How much weighs the cloud?
The question is complex, since there are no identical clouds. They differ from each other by form, dimensions, life time, height on which there are also extended, air temperature, speed of ascending movements inside the cloud.
The warmer cloud, the more usually its water content – the mass of liquid droplets and ice crystals (or the other) in 1 m³ of air. The greater the speed of ascending movements inside the cloud, the more moisture in it can be.
Let’s try to calculate how much about water is contained in one or another cloud.
Let’s start by S Thin layered clouds the lower tier, which is often tightened with the autumn and winter. In essence, these are real cloud fields up to 5-10 million km², which is approximately compared to the total area of Australia and Oceania and two to three times the territory of India. The thickness of such clouds is usually several hundred meters, water content – 0.2-0.3 g / m 3 . And contain such a giant in itself about 500-800 million tons of water.
Spindrift clouds inferior in size. Located at an altitude of about 7-10 km, they can close the area to 1-4 million km². For comparison: Egypt’s area is about 1 million km². The thickness of such clouds is about 1-2 km, water content (rather, ice, since they consist mostly from ice crystals) Low – about 0.01-0.03 g / m 3, due to which the filament clouds are much easier – about 30-50 million tons.
If you deposit the whole moisture from the cloud with a thickness of 1 km, a layer of water is formed only 0.3 mm
However, not all layered and pasty clouds reach as impressive sizes, and it is not always easy to understand, one is a cloud or several. From the Earth these borders are not visible at all, scientists determine them on satellite images.
WITH Head and cumulating clouds easier: their edges are visible to the naked eye. Such clouds have a small length, but they are pretty high.
In a warm sunny day we see lightweight cumulus clouds. They have a diameter of about 1-2 km and grow up about the same. Water range varies from 0.5 to 2.5 g / m 3 . Scientists have discovered a simple dependence: to determine the waterproof of a cumulus cloud, the thickness of which does not exceed 4 km, it is necessary to build a thickness into a square and divided into three.
For example, for a cloud of 2 km thick, the water purple is 1.2 kg / m 2, and for the cloud thickness and diameter 1 km – 0.3 kg / m 2 . By the way, 1 kg of water per 1 m 2 is the same millimeters in which precipitates measure. That is, if you deposit the whole moisture from the cloud with a thickness of 1 km, the water layer is formed with a thickness of only 0.3 mm.
To obtain the mass you need to multiply water from the area. For example, for a cloud with a diameter and a thickness of 2 km, the mass of the cloud will be about 4,000 tons. The cloud of diameter and thickness in 1 km weighs about 250 tons.
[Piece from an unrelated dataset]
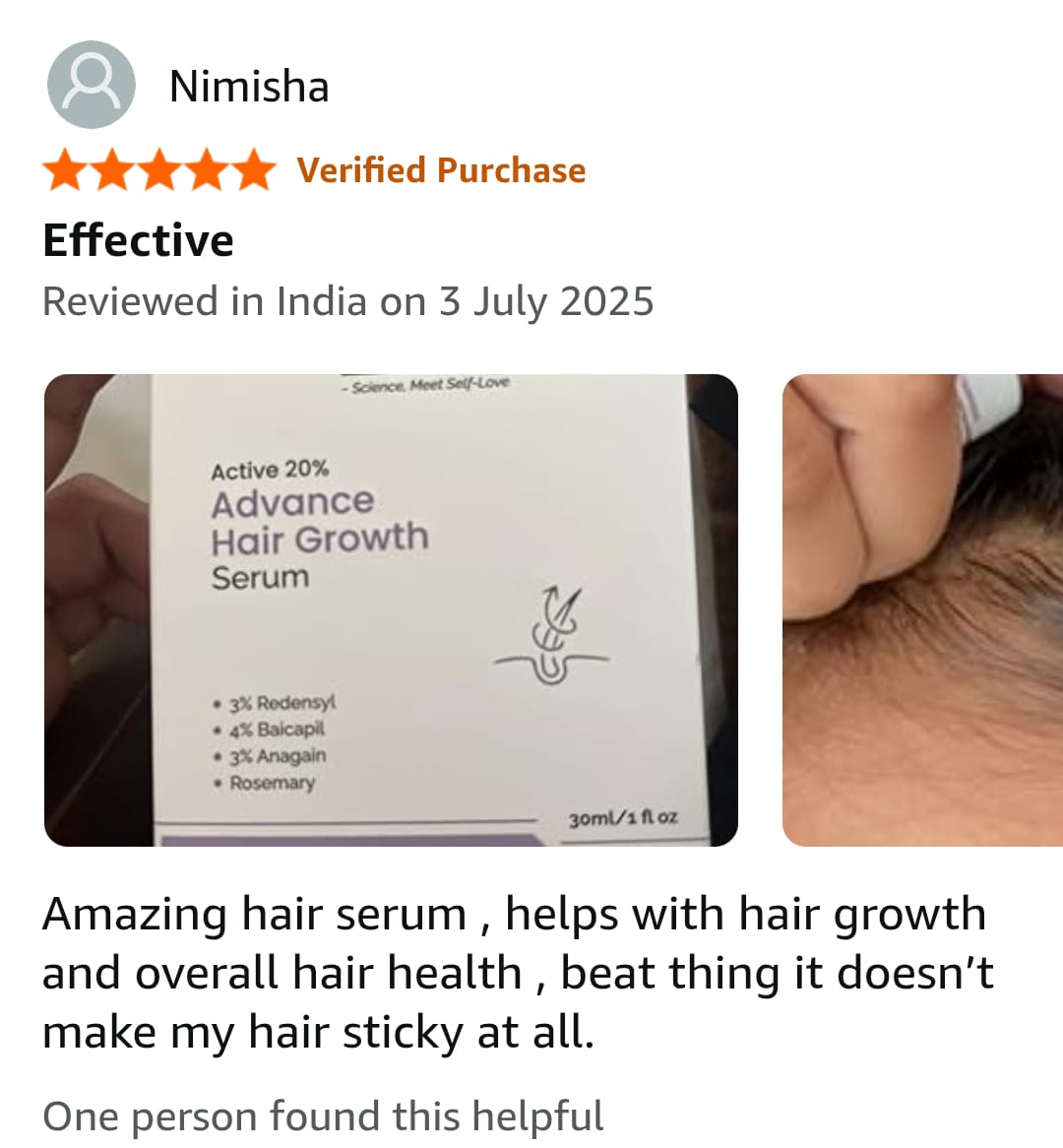 Powered by a 20% Active Complex, this serum blends 3% Redensyl, 4% Baicapil, and 3% Anagain—three clinically proven actives known to boost hair density, reduce hair fall, and stimulate dormant follicles.

With powerful heap-rain clouds, the situation is more complicated, because the water content in them changes in height, although approximately varies from 1.5 to 4.5 g / m 3 . Such clouds can be extended to a height of 10 km (in the tropics and 20 km), reaching 10-30 km in diameter.
But again, scientists in due time led the pattern: if we divide the maximum water content in the vertical profile (in g / m 3) to four and multiplied to the thickness of the cloud layer (in km), you can get approximate estimates of waterpace (kg / m 2).
So, for a cloud thickness of 10 km and the maximum water capacity of 4.5 g / m 3, the waterpastes will be about 11 kg / m 2 (that is, if you deposit all the cloud, the water layer is formed just over 1 cm under it). The weight is also considered to multiply the water from the area. It turns out that a cumulus-rain cloud of such power and a diameter of 20 km will weigh about 3.5 million tons. True, modern satellite data show that these estimates are approximate.
Thus, cumulative clouds are usually much easier than cigarette and layered. There are other types of clouds, see some – Big luck. We wrote about them in the article "Top 10 rare atmospheric phenomena".